How to load url data into Neptune?

I am trying to load a small dataset into Neptune and it seems to always error. I tried g.io("<file path>"). with(IO.reader, IO.graphson). read().iterate() And it says "detailedMessage": "Failed to interpret Gremlin query: Query parsing failed at line 3, character position at 9, error message : token recognition error at: 'IO'", So I tried without the IO "detailedMessage": "Failed to interpret Gremlin query: IO request has to be a URL", I tried to url manually and it downloads and works, so I know it is visible to Neptune, but I cannot get it to load.
Solution:
To add to what Kelvin is saying, Neptune can only access other instances that are within the same VPC. It cannot reach the Internet. If you need for it to access a public-facing URL, then you'll need to deploy a NAT gateway within the same VPC as Neptune and supply the proper routing within the VPC to allow Neptune to reach the Internet. This blog discusses it for the purpose of SPARQL Federated Queries being able to reach public SPARQL endpoints: https://aws.amazon.com/blogs/database/benefitting-from-sparql-1-1-federated-queries-with-amazon-neptune/ The concept also holds true from Gremlin io() queries that need to access a public URL....
4 Replies
Lyndon
Lyndon15mo ago
I am working in Jupyter Notebooks
kelvinl2816
kelvinl281615mo ago
The file needs to be reachable from Neptune. So either an HTTP server that Neptune can reach or a pre-signed S3 URL to a file in S3. The pre-signed S3 approach is pretty simple to get working. Either way, it must be an HTTPS connection.
Solution
triggan
triggan15mo ago
To add to what Kelvin is saying, Neptune can only access other instances that are within the same VPC. It cannot reach the Internet. If you need for it to access a public-facing URL, then you'll need to deploy a NAT gateway within the same VPC as Neptune and supply the proper routing within the VPC to allow Neptune to reach the Internet. This blog discusses it for the purpose of SPARQL Federated Queries being able to reach public SPARQL endpoints: https://aws.amazon.com/blogs/database/benefitting-from-sparql-1-1-federated-queries-with-amazon-neptune/ The concept also holds true from Gremlin io() queries that need to access a public URL.
Amazon Web Services
Benefitting from SPARQL 1.1 Federated Queries with Amazon Neptune |...

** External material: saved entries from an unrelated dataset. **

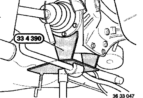 Support final drive with transmission hoist and special tool 33 4 390.
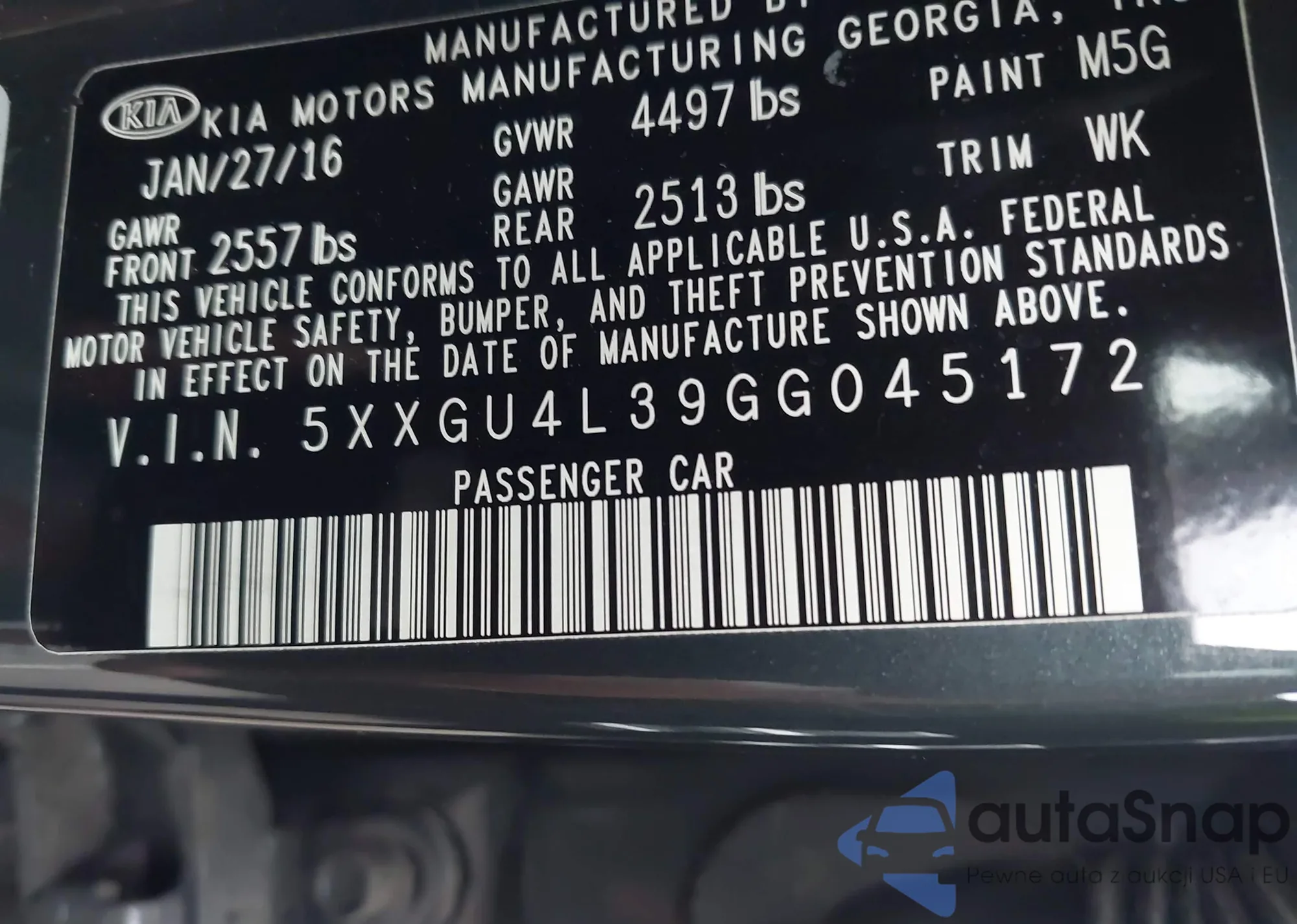VIN: 5XXGU4L39GG045172
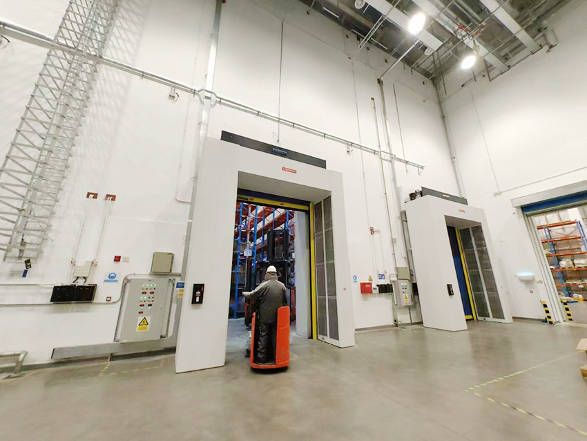 5米高,负24度低温冷库物流出入口,夏季经常雾满为患,地面结冰,甲方期盼行业中找到可靠解决方案……
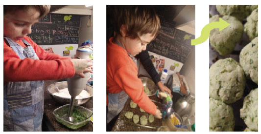 Tomás (3 años), cocina escones Hulk usando espinacas para teñir la masa
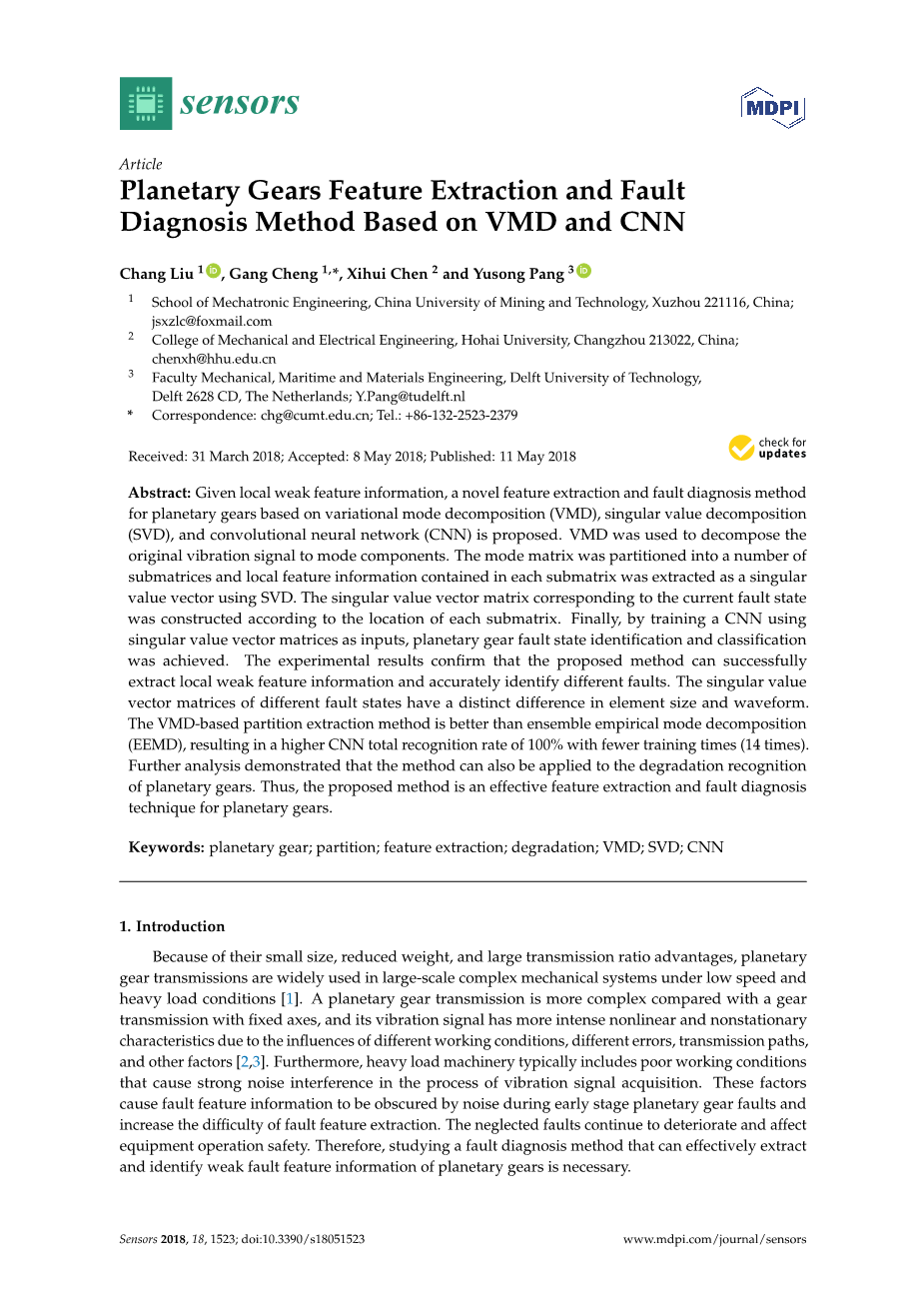 关键词:行星齿轮;分解;特征提取;退化;变分模态分解;奇异值分解;卷积神经网络

In this post, I show you how to use SPARQL 1.1 Federated Query in Neptune to get data about soccer teams in the UK from an external dataset, DBpedia (a well-known public dataset of Wikipedia data). Using the DBpedia publicly accessible SPARQL endpoint, I link the data from DBpedia to data that I add to the Neptune cluster.
Lyndon
Lyndon15mo ago
Ah I see, that makes sense, thanks both